From King’s yarn, the reader would believe that the two men met at a dance, and, both likkered up, got into an argument wherein Fred called Jeff a liar and Jeff responded by plugging Fred with his Colt. In fact, Fred Wolford’s death was the result of a Wolford family argument. Jeff McCoy was married to Sarah Wolford, niece of Fred Wolford. Sarah had a brother named Andrew. The court records show that both Jeff McCoy and Andrew Wolford were charged with the murder of Fred Wolford.
According to Fred Wolford’s descendants that I heard the family story from some 50 years ago, Fred was STABBED, not shot. A stabbing makes more sense in a case where TWO men were indicted for the killing. It doesn’t take two to shoot a man.
After killing Uncle Fred, Jeff stole a horse and went on the lam.

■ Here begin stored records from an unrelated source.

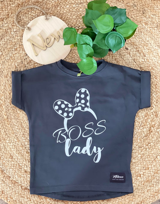 UitverkochtMeisjes T-Shirt 'BOSS LADY' Antraciet
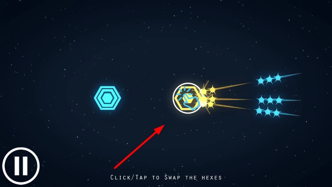 1、留意六边形的初始排列方式以及其周围光点的色彩,通过调换六边形的位置,使相同颜色的六边形与袭来的光点精准对齐。
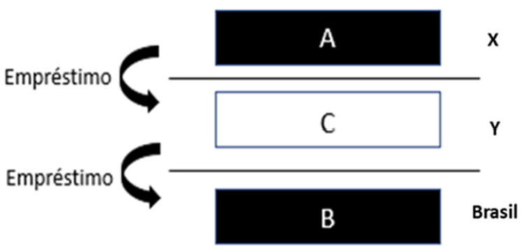 "A" é a controladora do grupo multinacional "AB" e é residente na jurisdição X. "B" é pessoa jurídica residente no Brasil e controlada por "A". "C" é instituição financeira residente na jurisdição Y e não faz parte do grupo "AB". "A" efetua empréstimo para o banco "C" que, por sua vez, empresta o recurso para "B".
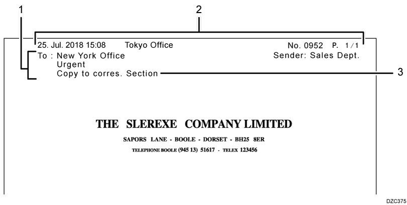 您可以在目的地收到的页面上以及通过传真发送的原稿图像上打印目的地名称、传真头和标准消息。事先指定要在收到的页面上打印的信息。
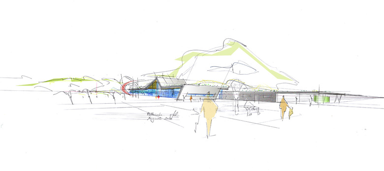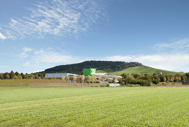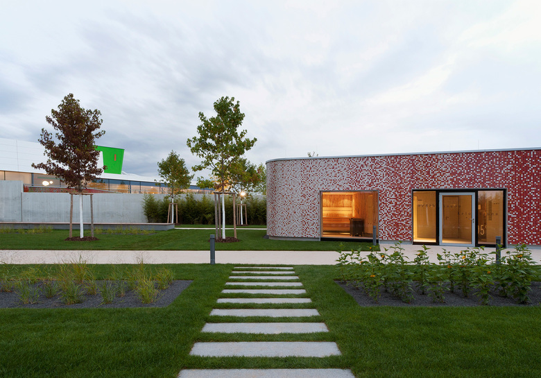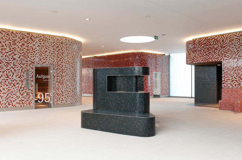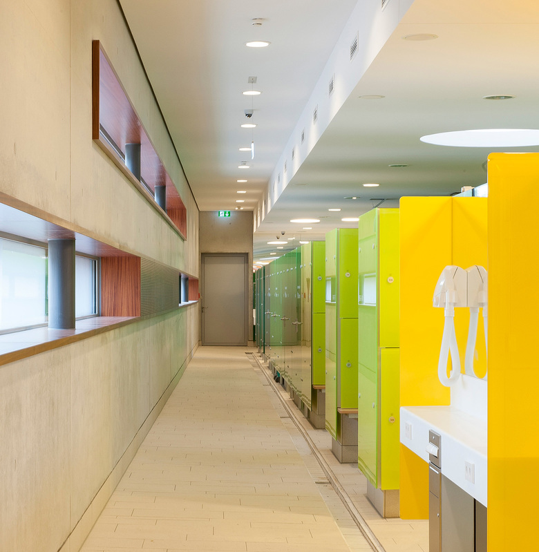 Die Lage des neuen Familien- und Freizeitbades F.3, am westlichen Stadtrand von Fellbach nahe des Kappelbergs, war Ausgangspunkt und Leitmotiv für 4a Architekten bei Form- und Gestaltgebung des neuen Bades. Als einer der bekannten Weinberge in der Region lieferte der Kappelberg und mit ihm das Thema Wein die Grundlage für das architektonische Konzept. In unterschiedlichen Facetten verkörpert das neue Familien- und Freizeitbad diese Thematik, angefangen bei der formalen Einbindung des Gebäudes in die Landschaft. Dafür haben 4a Architekten die linearen Weinbergstrukturen als Felder auf das Grundstück gelegt. Diese Felder bilden die Basis für die Entwicklung des Geländes: Beckenausrichtung, Liegedecks, Spielflächen, Baumreihen, Außensaunen – alles strebt zum offenen Feld hin und richtet seine Längsseite nach Süden aus. Daraus ergeben sich Schatten- und Sonnenbereiche, und der Blick der Besucher schweift in die Ferne. Aufgelockert wird diese klare Struktur von einzelnen Baukörpern, die teilweise in die Großform einschneiden. Während Beispielsweise Rutschenturm und Innensaunen das Gebäude durchdringen, sind Außensaunen sowie Kassenhaus und Kiosk für den Freibadbetrieb vom Baukörper losgelöst. Mit ihrer freien Form und scheinbar willkürlichen Lage greifen die Kuben die Struktur von locker eingestreuten Weintrauben auf. Darüber legt sich wie ein großes Badetuch die Dachform und bildet die unterschiedlichen Volumen ab. Diese Formgebung ermöglicht im Innenraum eine klare Aufteilung in drei unterschiedlichen Bereiche: Sportbad mit Freibad, Erlebnisbereich und Saunawelt. Auch in der Farbgestaltung herrscht Dynamik: Farbnuancen zwischen Hellgrün und Dunkelrot fließen durchs Gebäude – sie orientieren sich an den umgebenden Weinbergen im Wechsel der Jahreszeiten und weisen auf die unterschiedlichen Themenbereiche hin. Während warme Rottöne im Saunabereich und im Kinderbereich Wohlfühlatmosphäre erzeugen, greifen kühle Farben wie Grün und Gelb im Erlebnis- und Sportbereich das Thema Bewegung und Aktivität auf. Auch die farbige Deckengestaltung sowie die Glasspinde mit einem Farbverlauf von Grün zu Rot folgen diesem Prinzip.
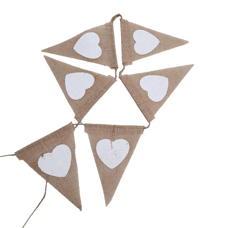 Джутовый канат лен треугольный день рождения вечеринка сердце флаг баннер свадьба домашний декор событие
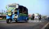 Pemudik menggunakan bajaj saat melintasi kawasan Simpang Jomin, Karawang, Jawa Barat, Rabu (19/4/2023). Lalu lintas di kawasan Simpang Jomin terpantau ramai lancar dari pemudik yang akan menuju ke arah Jawa Tengah. (FOTO : Republika/Putra M. Akbar)

Where did he go? To the West Virginia home of Johnse HATFIELD, of course! With a vicious feud between the Hatfields and McCoys going on, according to King, Jeff McCoy took refuge in the home of Johnse Hatfield, with Cap Hatfield as his next-door neighbor! Note that the March 1887 filing says that the defendant is dead.

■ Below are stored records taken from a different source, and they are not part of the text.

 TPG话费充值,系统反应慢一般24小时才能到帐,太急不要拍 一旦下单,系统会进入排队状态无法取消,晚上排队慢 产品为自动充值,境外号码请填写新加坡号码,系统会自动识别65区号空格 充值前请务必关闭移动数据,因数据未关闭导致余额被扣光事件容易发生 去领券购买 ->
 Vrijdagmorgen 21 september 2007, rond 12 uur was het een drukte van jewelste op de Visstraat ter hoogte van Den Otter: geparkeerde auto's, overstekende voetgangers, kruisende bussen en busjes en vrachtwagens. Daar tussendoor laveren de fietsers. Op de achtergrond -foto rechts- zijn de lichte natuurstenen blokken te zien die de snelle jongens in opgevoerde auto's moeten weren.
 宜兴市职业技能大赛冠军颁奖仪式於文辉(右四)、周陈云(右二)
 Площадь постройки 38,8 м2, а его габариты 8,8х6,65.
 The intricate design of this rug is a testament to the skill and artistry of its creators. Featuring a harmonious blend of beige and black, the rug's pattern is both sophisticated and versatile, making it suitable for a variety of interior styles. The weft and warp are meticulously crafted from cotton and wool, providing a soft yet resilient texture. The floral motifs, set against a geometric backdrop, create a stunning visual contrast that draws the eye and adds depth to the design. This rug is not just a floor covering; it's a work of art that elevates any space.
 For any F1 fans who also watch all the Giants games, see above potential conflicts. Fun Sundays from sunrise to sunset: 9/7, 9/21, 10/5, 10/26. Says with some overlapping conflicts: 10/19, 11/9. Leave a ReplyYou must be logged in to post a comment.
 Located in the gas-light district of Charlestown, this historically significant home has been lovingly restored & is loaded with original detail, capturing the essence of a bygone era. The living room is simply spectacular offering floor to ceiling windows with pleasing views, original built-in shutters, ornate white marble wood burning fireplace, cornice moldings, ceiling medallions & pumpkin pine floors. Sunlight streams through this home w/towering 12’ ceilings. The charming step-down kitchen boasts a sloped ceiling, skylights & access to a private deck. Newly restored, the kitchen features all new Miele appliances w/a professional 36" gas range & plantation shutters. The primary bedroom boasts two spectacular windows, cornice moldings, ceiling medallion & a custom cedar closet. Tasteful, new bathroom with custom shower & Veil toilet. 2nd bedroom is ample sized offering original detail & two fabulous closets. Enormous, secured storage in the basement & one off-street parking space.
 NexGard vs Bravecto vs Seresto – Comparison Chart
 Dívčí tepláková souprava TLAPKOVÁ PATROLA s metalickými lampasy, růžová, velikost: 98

Jeff was indeed dead, having been shot on the banks of the Tug in November of 1886. King writes that after swimming the forty feet of the Tug (it’s actually about three times that wide there) “Jeff, a man of the mountains, clung to the earth. Timing the shots, he suddenly sprang, clawing his way up the bank. Cap nailed him halfway up the slope.” That is false. Cap did NOT kill Jeff McCoy—Tom Wallace did– but King needed it to be a Hatfield killing a McCoy, because, after all, he was writing a tale about a feud between the two families. Let’s look at the very best evidence, which comes from Jeff McCoy’s uncle, Perry Cline.
In a letter to the Governor some two years later, seeking a requisition from the governor for the arrest and extradition of Tom Wallace, Cline told the governor that he wanted very much to get Wallace (spelled Walls),because “He shot my nephew.”
Despite his promise in his Author’s Note to “deflate the legends, to check the biases, and to add or restore accurate historical detail,” King has dozens of flat-out lies in the book which can be proven false BY THE RECORDS.” That’s why King ignores my challenge to a debate, even though I have offered to pay for the hall.